Aim of the task = Starting at the line with "Sorprendente. Algunos jugadores" and ending at the line with "organizations and embassies.", print exactly the lines of the entries below. Pictures do not belong in the copy.

Input for this task =

● ● ●

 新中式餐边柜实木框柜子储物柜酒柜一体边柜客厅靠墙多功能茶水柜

● ● ●

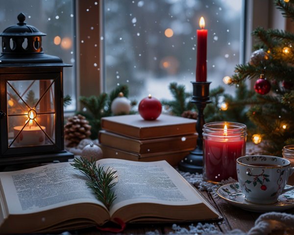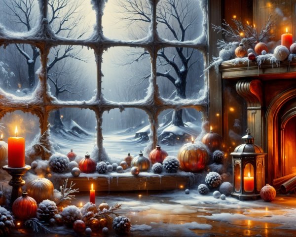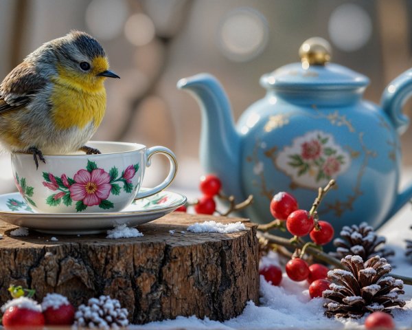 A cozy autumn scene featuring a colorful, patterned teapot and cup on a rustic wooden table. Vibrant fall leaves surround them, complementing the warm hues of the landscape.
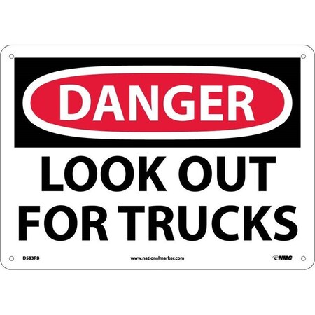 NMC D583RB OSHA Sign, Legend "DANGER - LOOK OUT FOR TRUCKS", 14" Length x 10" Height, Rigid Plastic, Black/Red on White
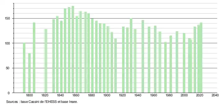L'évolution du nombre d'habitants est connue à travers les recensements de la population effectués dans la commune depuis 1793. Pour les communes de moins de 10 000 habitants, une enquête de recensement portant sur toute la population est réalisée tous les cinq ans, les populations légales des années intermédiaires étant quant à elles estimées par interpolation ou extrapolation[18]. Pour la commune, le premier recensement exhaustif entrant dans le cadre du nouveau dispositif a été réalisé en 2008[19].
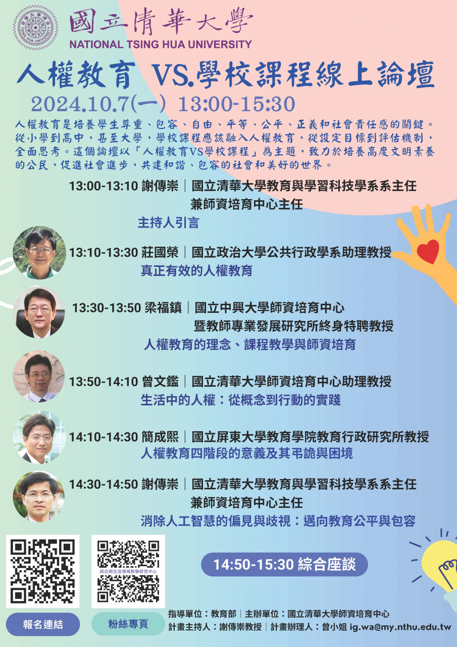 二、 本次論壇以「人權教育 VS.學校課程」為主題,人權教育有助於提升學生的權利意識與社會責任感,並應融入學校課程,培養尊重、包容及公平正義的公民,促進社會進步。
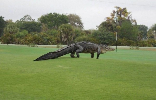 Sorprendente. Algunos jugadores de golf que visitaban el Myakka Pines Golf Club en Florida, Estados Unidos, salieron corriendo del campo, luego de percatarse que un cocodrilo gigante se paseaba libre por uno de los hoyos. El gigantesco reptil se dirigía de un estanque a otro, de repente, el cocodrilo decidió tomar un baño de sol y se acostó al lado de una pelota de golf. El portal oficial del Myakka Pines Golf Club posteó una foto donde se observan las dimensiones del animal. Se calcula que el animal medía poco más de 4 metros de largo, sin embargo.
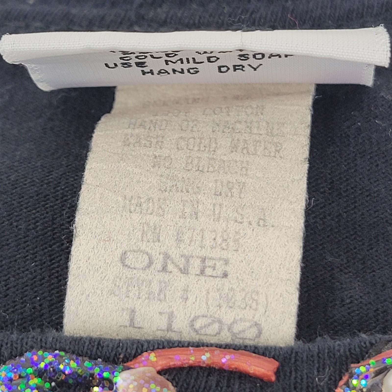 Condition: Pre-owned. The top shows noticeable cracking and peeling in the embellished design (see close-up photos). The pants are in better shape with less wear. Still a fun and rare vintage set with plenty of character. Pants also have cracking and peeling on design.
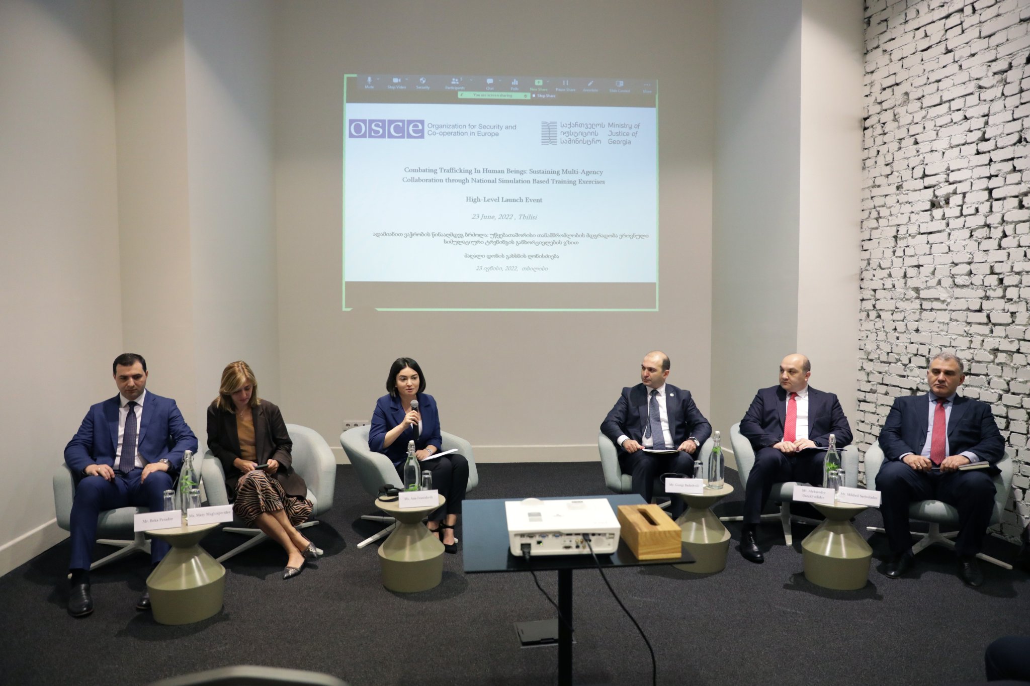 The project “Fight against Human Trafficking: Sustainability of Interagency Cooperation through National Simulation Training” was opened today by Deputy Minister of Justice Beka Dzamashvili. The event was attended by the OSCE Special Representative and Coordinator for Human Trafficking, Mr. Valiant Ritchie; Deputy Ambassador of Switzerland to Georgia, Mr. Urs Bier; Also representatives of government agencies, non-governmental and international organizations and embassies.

● ● ●

Solution =
 Sorprendente. Algunos jugadores de golf que visitaban el Myakka Pines Golf Club en Florida, Estados Unidos, salieron corriendo del campo, luego de percatarse que un cocodrilo gigante se paseaba libre por uno de los hoyos. El gigantesco reptil se dirigía de un estanque a otro, de repente, el cocodrilo decidió tomar un baño de sol y se acostó al lado de una pelota de golf. El portal oficial del Myakka Pines Golf Club posteó una foto donde se observan las dimensiones del animal. Se calcula que el animal medía poco más de 4 metros de largo, sin embargo.
 Condition: Pre-owned. The top shows noticeable cracking and peeling in the embellished design (see close-up photos). The pants are in better shape with less wear. Still a fun and rare vintage set with plenty of character. Pants also have cracking and peeling on design.
 The project “Fight against Human Trafficking: Sustainability of Interagency Cooperation through National Simulation Training” was opened today by Deputy Minister of Justice Beka Dzamashvili. The event was attended by the OSCE Special Representative and Coordinator for Human Trafficking, Mr. Valiant Ritchie; Deputy Ambassador of Switzerland to Georgia, Mr. Urs Bier; Also representatives of government agencies, non-governmental and international organizations and embassies.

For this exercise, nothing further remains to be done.